---------- PROVIDED DATA ----------

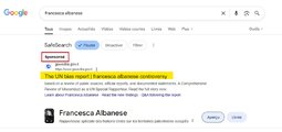 >A notable technical detail is that Google automatically activates its “SafeSearch” filter when users search for Francesca Albanese’s name. This feature is typically used to block explicit or violent content, which Albanese’s professional, rights-focused work does not contain.
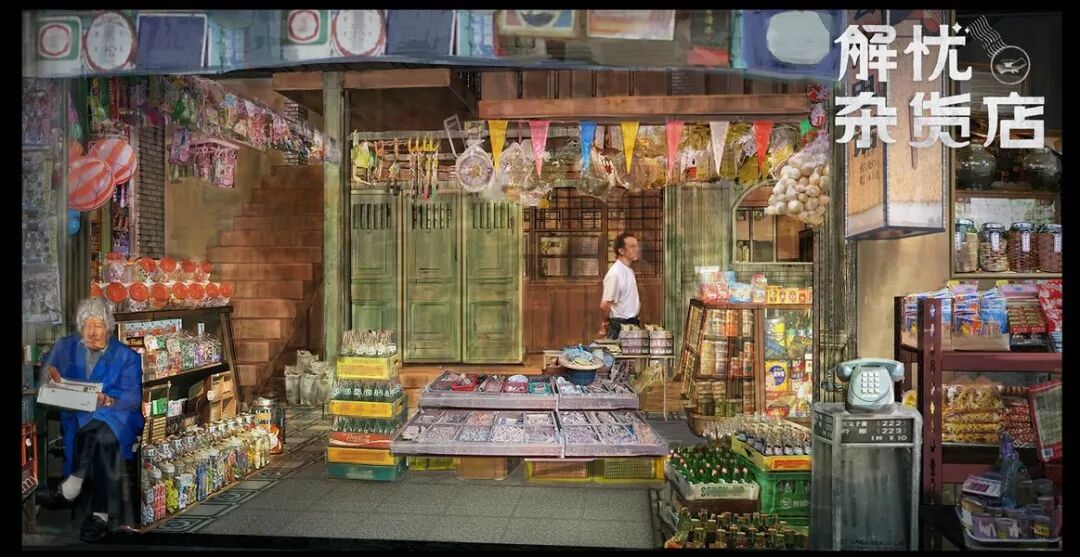 在之前所发布的场景图中,可以看到画面里的杂货店坐落于群山环绕下,店内90年代流行的零食、玩具琳琅满目,无不透出一股浓浓的中国本土气息,引起不少8090后的温暖回忆与共鸣。
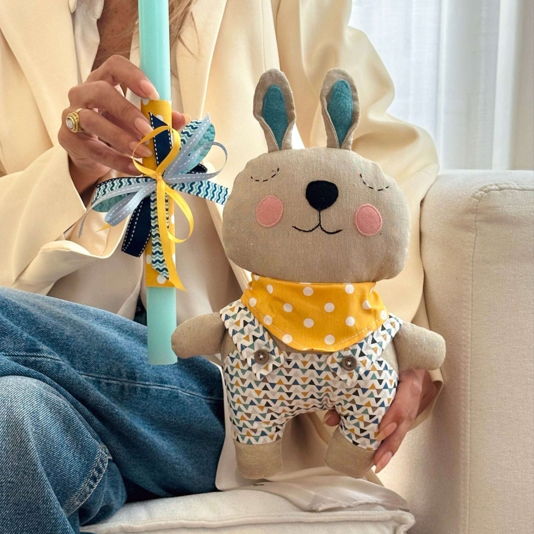 Easter candle with a handmade fabric bunny, sewn with cotton fabrics.
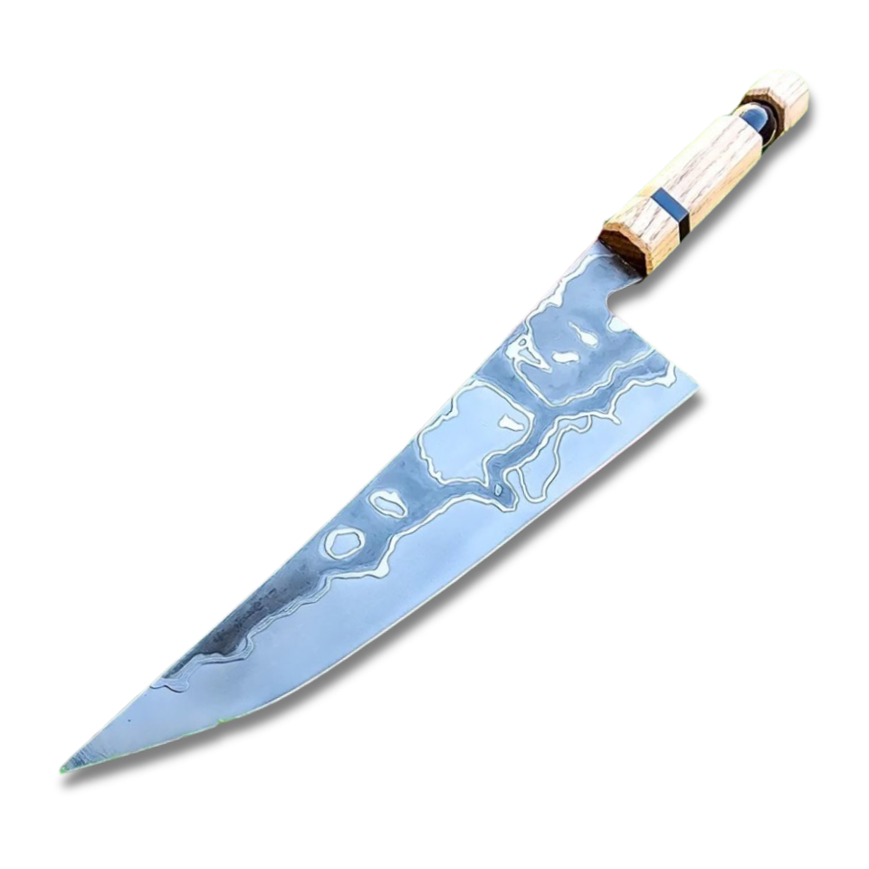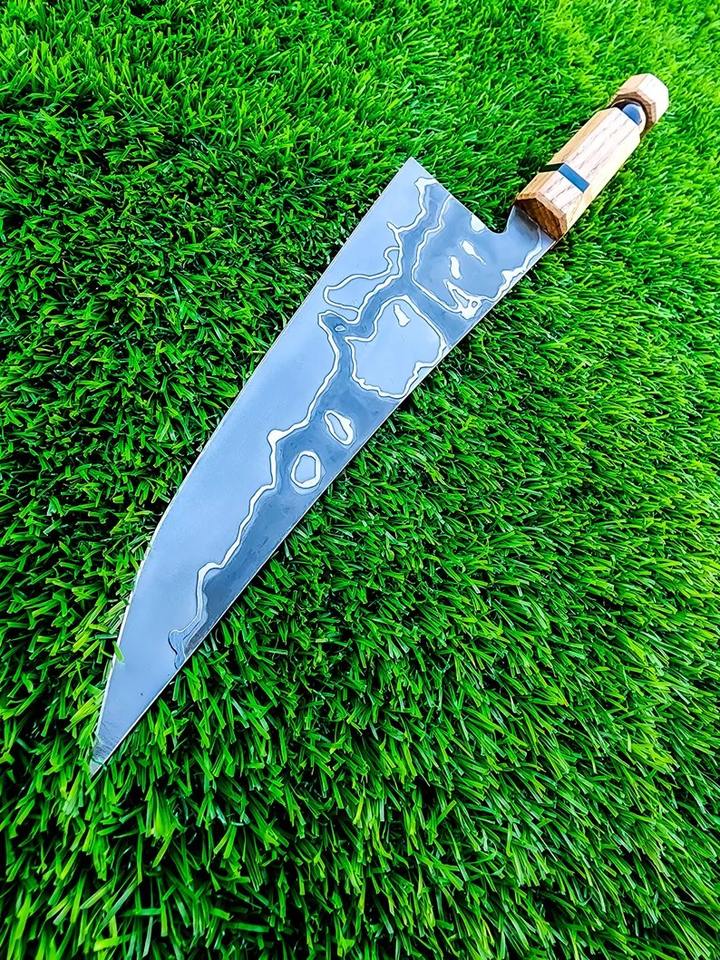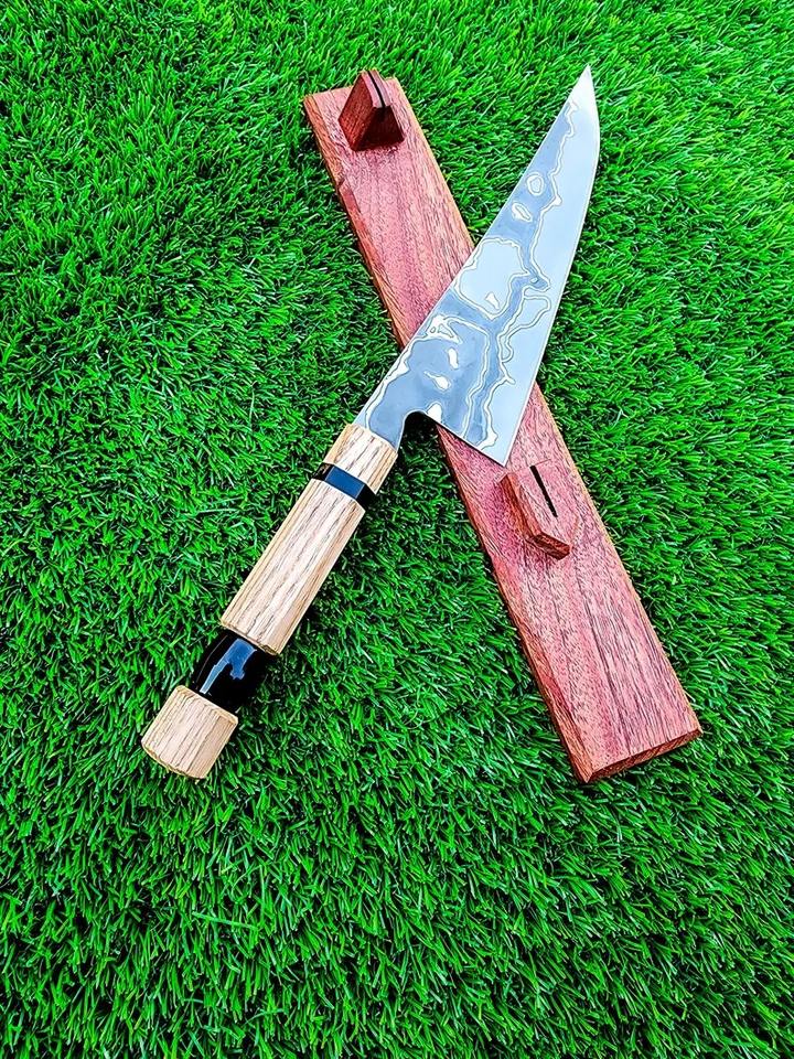 มีดเชฟเหล็กกล้าคาร์บอนทำมือ ใบมีดสลักลายสวยงาม ด้ามไม้ดีไซน์สวย พร้อมปลอกหนัง มีดสั่งทำพิเศษหรือมีดเอาตัวรอด

----------

● **PROBLEM DESCRIPTION**
Nothing but the lines from the one that contains "在之前所发布的场景图中,可以" through the last line of the material should be written out, exactly. Omit pictures.

● **WRITTEN ANSWER**
 在之前所发布的场景图中,可以看到画面里的杂货店坐落于群山环绕下,店内90年代流行的零食、玩具琳琅满目,无不透出一股浓浓的中国本土气息,引起不少8090后的温暖回忆与共鸣。
 Easter candle with a handmade fabric bunny, sewn with cotton fabrics.
 มีดเชฟเหล็กกล้าคาร์บอนทำมือ ใบมีดสลักลายสวยงาม ด้ามไม้ดีไซน์สวย พร้อมปลอกหนัง มีดสั่งทำพิเศษหรือมีดเอาตัวรอด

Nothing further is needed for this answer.